Use wasm-pack to create a wasm package for JAVA

Hi there!
I am trying to use wasm-pack to create a wasm file which shall be included in JAVA via e.g. https://chicory.dev/
Is there someone who has experience with this? Which target do you use for building, or is there another tool at all which I should be using?
Greetings and thank you,
Christian

wasm-pack (and wasm-bindgen) are for producing WebAssembly and JavaScript code that will run in a browser or other JS+Wasm engine. If you do not have any JS environment you should not use wasm-pack; instead just use cargo build --target wasm32-....

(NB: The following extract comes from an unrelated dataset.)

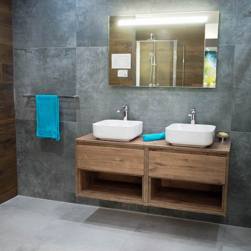 Při zařizování koupelny v dekoru betonu se držte jednotných tónů doplňků s kovem (např. černá u baterií, rámu zrcadla i madel skříněk). Kombinujte beton se zjemňujícím materiálem (např. dřevo), aby prostor nepůsobil příliš chladně. Rozjasnit ho můžete také kontrastní barvou výrazných ručníků.
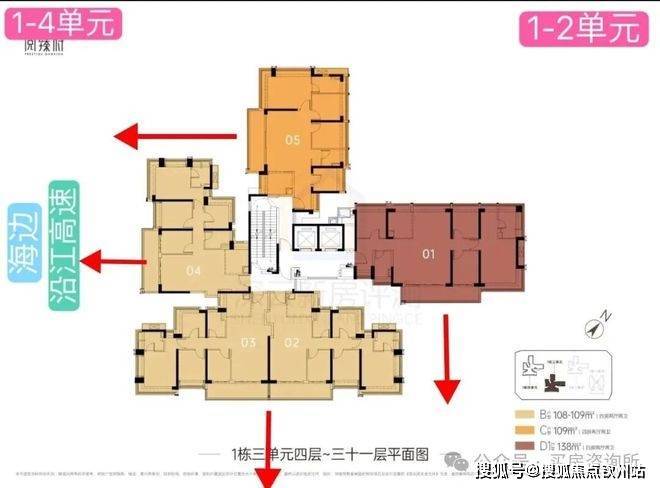 户型设计方面,梯户比为1-2,1-3单元31层高,1-4单元37层高2梯5户、1栋1单元31层高2梯6户,户型设计有95-108-109-138㎡得房率在92-98%左右

As to exactly which target to pick:

  • If you want use Chicory's support for WASI, use wasm32-wasip1. This is the only option that allows you to use std functionality like std::time::Instant::now().
  • Otherwise, wasm32v1-none is the most basic place to start.
  • However, some libraries may have poor cfg setups that will only work with wasm32-unknown-unknown. You can use this target if you have to, but it is weirdly defined and should be avoided when possible.

Hmm...

Chicory, a JVM native WebAssembly runtime

Having scanned that web page I still can't see what this is.

Is it a WASM run time that is running on the JVM (Written in Java I guess). Is it a JVM compiled to WASM allowing Java to run on the JVM on the WASM runtime.

Or is it a WASM run time that runs in parallel with a JVM more like WASM runs alongside a JS engine. Presumably allowing any language compiled to Java byte code to interoperate with any language compiled to WASM?

Heck what does "native" mean? If you are running on top of the JVM or unto of a WASM engine that is not any kind of native in my book.

Thank you for your feedback! :slight_smile:
I also reallized that wasm-bindgen is not intended for my usecase and started to play around with wit-bindgen. The approach using the separate .wit file looks very interesting.
@kpreid thanks for pointing out the WASI support of chicory, this looks very promising.

As far as I understand, it's a WASM runtime that is running on JVM. But yes, I guess "native" is a flexible term depending on the point of view.